Kate Chisholm

Scrawled outpourings of love and defiance

Examples of 18th-century graffiti range from romantic rhymes scratched on windowpanes to the haunting marks of political prisoners incised on dungeon walls

A man draws a gallows on a wall in a hand-coloured version of Hogarth’s ‘First Stage of Cruelty’, published 1812. [Bridgeman Images] 
issue 13 April 2024

To come across dates and names carved into a choirstall or ancient tree is to experience a momentary frisson, a startled connection with the past. Yet this practice of making ‘unauthorised’ personal graphic statements in public spaces is often thought of as antisocial, something to be erased immediately. Unless of course they are by Banksy, whose spray-painted outpourings cost local councils a great deal to clean off before they came to be regarded as valid documents, articulating the thoughts and imaginings of the disaffected.

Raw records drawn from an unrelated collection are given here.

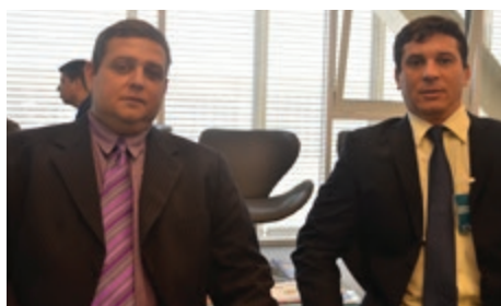
Prefeito e Vice de Porciúncula/RJ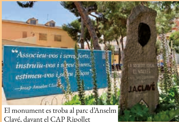
El monument es troba al parc d'Anselm Clavé, davant el CAP Ripollet

Ripollet és una vila molt lligada amb Anselm Clavé a través de les entitats, però també perquè sota el seu nom hi conflueixen espais naturals, de l'entramat urbà i de l'educació. Qui no ha anat al parc abans conegut com a "Parc del Senyor José", coneix algú que viu al carrer d'Anselm Clavé o ha estudiat a l'escola pública que duu el seu nom?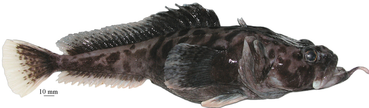
Рис. 7. P. brevibarbata , самка (МПХНУ P298), 325 мм TL, 262 мм SL, море Росса Fig. 7. P. brevibarbata , female (MNKХНУ R298), 325 mm TL, 262 mm SL, Ross Sea

..... хмелеусая бородатка P. neyelovi Shandikov et Eakin, 2013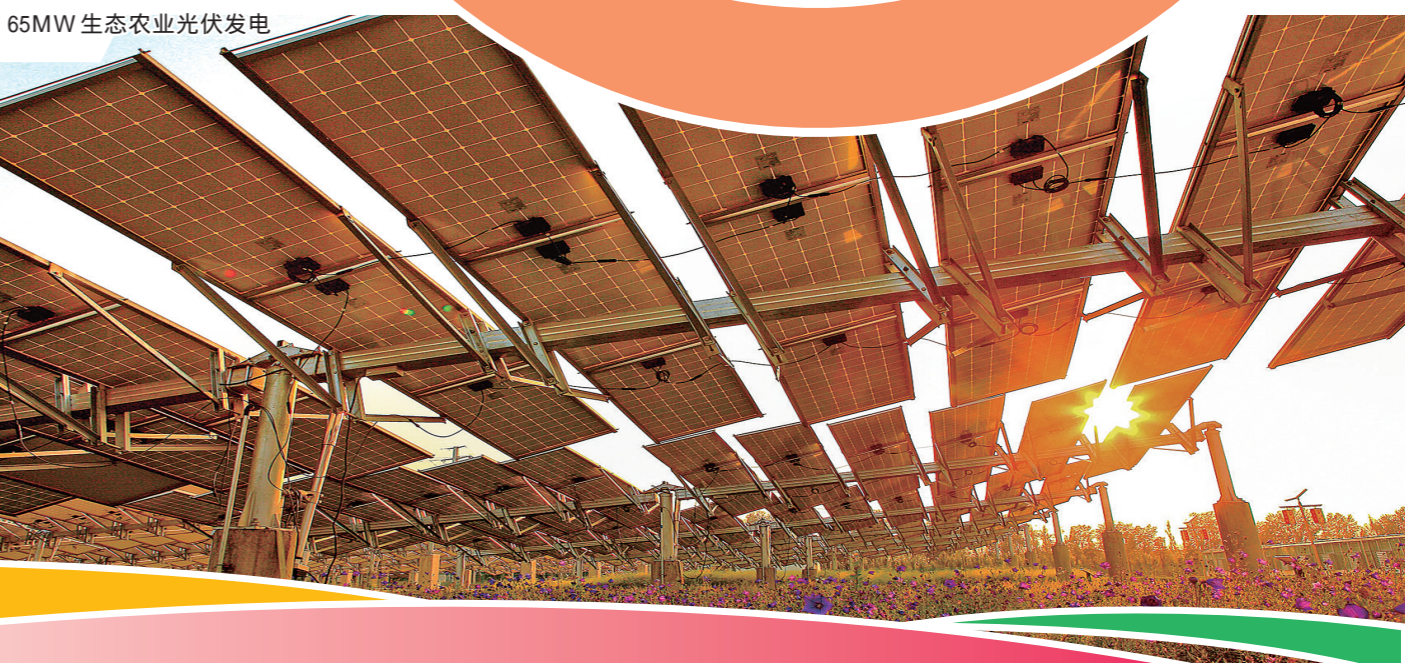
65MW生态农业光伏发电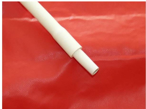
Stará koncovka vakuové pumpy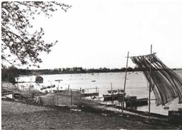
Tammneeme küla 1950-ndatel.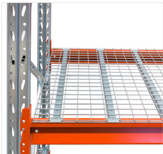
Gaaslegbord - voor goederen met of zonder pallet. Breedte 910 mm. Palletgewicht: 500 kg of 1000 kg.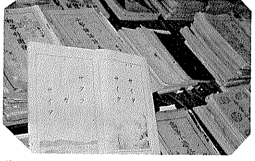
ここにも歴史がある 「ページーページ」に思い出が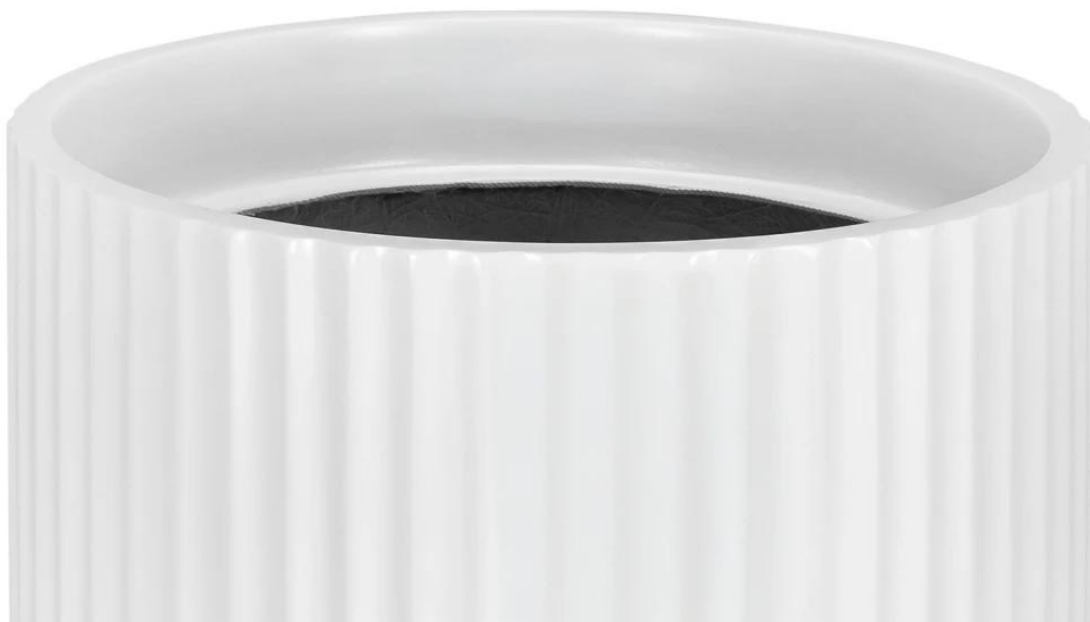
Ryflowana faktura powierzchni doniczki RC80 w kolorze biały mat

BARTPOL Sp. z o.o. ul. Strzeszyńska 33 60-479 Poznań NIP: 6932050703 t. 61 661 61 78 t. 607 531 181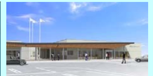
イメージパース(直売所等)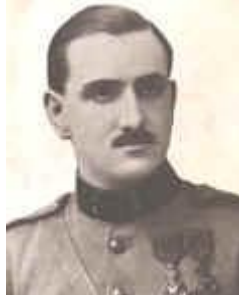
Photo publiée avec l'aimable autorisation du - Foto gepubliceerd met toestemming van de

http://www.bel-memorial.org/photos/TEURLINGS_Jules_2895.htm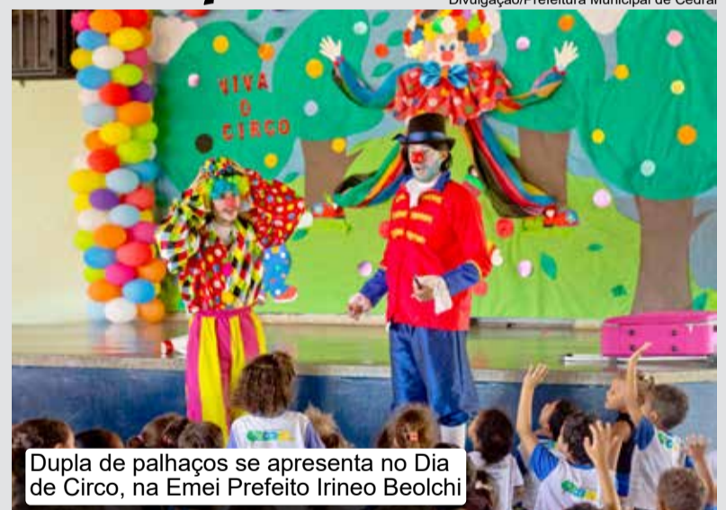
Dupla de palhaços se apresenta no Dia de Circo, na Emei Prefeito Irineo Beolchi

Segundo especialistas, A introdução do circo na escola, seja através de apresentações ou atividades, é fundamental para o desenvolvimento integral dos alunos, pois une educação, arte e lúdico para estimular a criatividade, expressão corporal e socialização. As atividades circenses melhoram o equilíbrio, coordenação, concentração, autoconfiança e a superação de desafios, além de valorizar a cultura popular. (AV)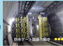
防水ゲート閉扉作動中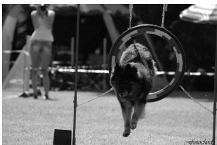
Zack z Dašického zátiší

I přes šílené vedro, které panovalo již od brzkých ranních hodin, všichni tvrdě bojovali a prali se se zárudnostmi parkurů. A choďáci opět nezklamali a své páničky i v těchto těžkých podmínkách podrželi a dělali do úsměvu těla. Byla krása sledovat porovnání sil choďáčků v tak silné konkurenci.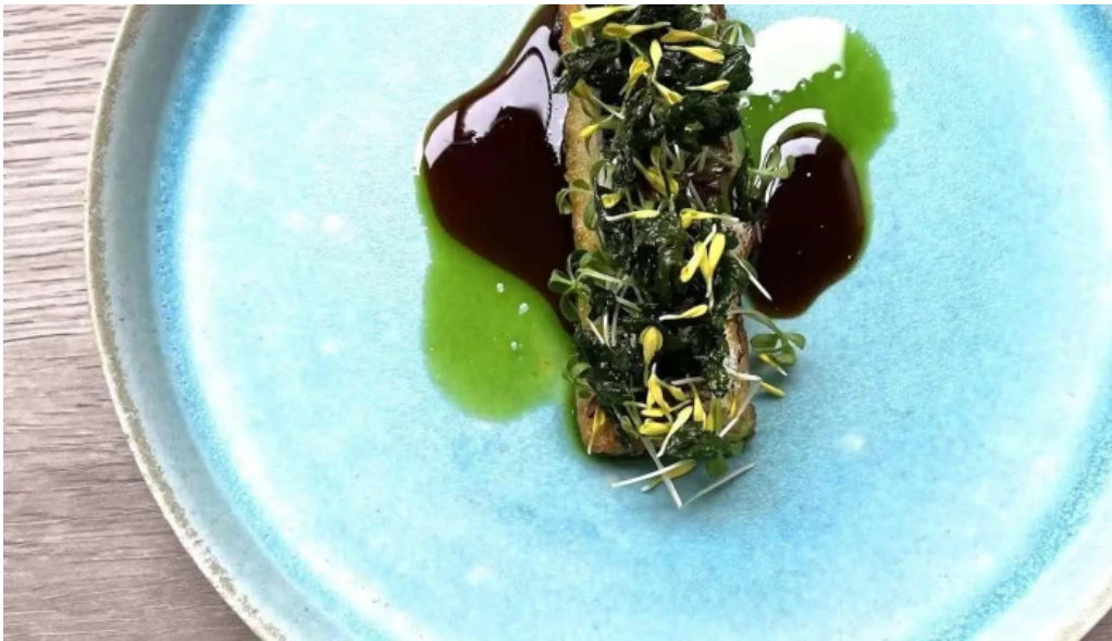
Apero patisserie acoya 料理飲み物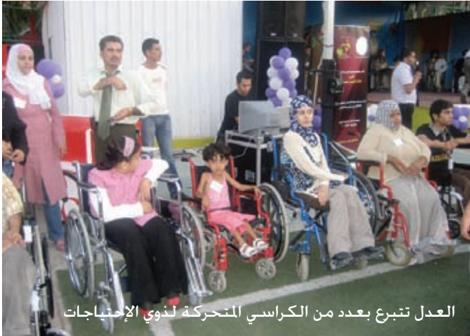
العدل تبرع بعدد من الكراسي المتحركة لذوي الإحتياجات

وجرى خلال المهرجان توزيع الكراسي على مستحقيها من الأطفال والمعاقين وعرضاً موسيقياً لفرقة زها الموسيقية التي قدمت خلالها مجموعة من الأغاني الوطنية والدبكات الشعبية.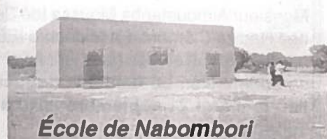
École de Nabombori

dans 20 villages. Elle a laissé sur ses pas de nombreux kits scolaires. Dans les mois à venir, la Fondation SEMAFO remettra officiellement aux autorités nigériennes, plusieurs salles de classe et écoles qu'elle a construites mais qui seront à l'entière disposition de l'école nigérienne et donc de l'Etat.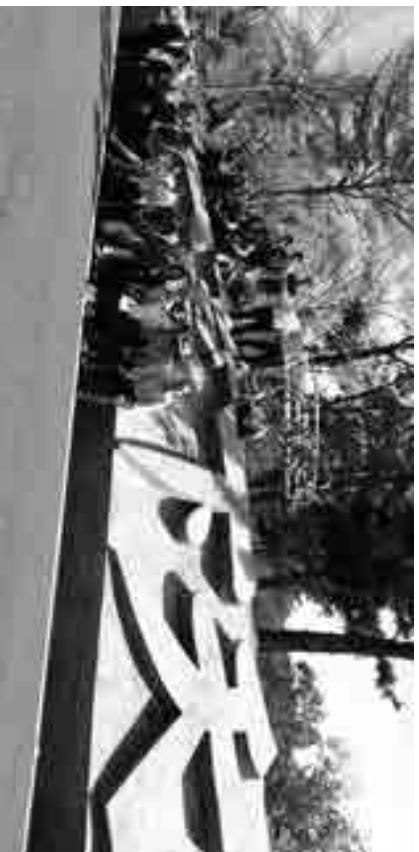
▲筆者於明德戒治分監與弟兄姊妹一同合影

能在這麼好的環境裡，接受那麼好的人性化管理，以及接受來自主耶穌的慈愛恩典造就，相信戒毒村裡的同學們，一定會越來越相信唯有倚靠主耶穌，才能徹底改變我們的生命，未來也必定會有更多的人，在領受到福音後而歸入基督裡的，阿們！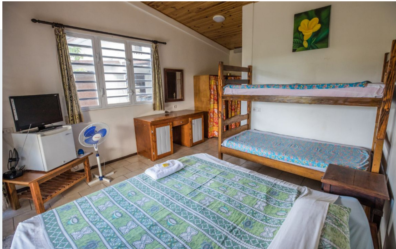
1 lit grand king size, 1 lit superposé et 1 petit lit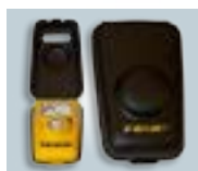
Alloggiamento per ibernazione

In her ingenious new book Writing on the Wall, the art historian Madeleine Pelling has chosen to use these often transitory pieces of historical evidence as a way of illustrating the huge cultural changes that took place in the 18th century. In this ‘library of irresistible and ephemeral objects’, she argues, we can find perhaps a more accurate understanding of that extraordinary century of change. The ‘so-called Enlightenment’ was forged by ‘the inky fingers of seditious printers, loquacious orators and… provocative graffitists’.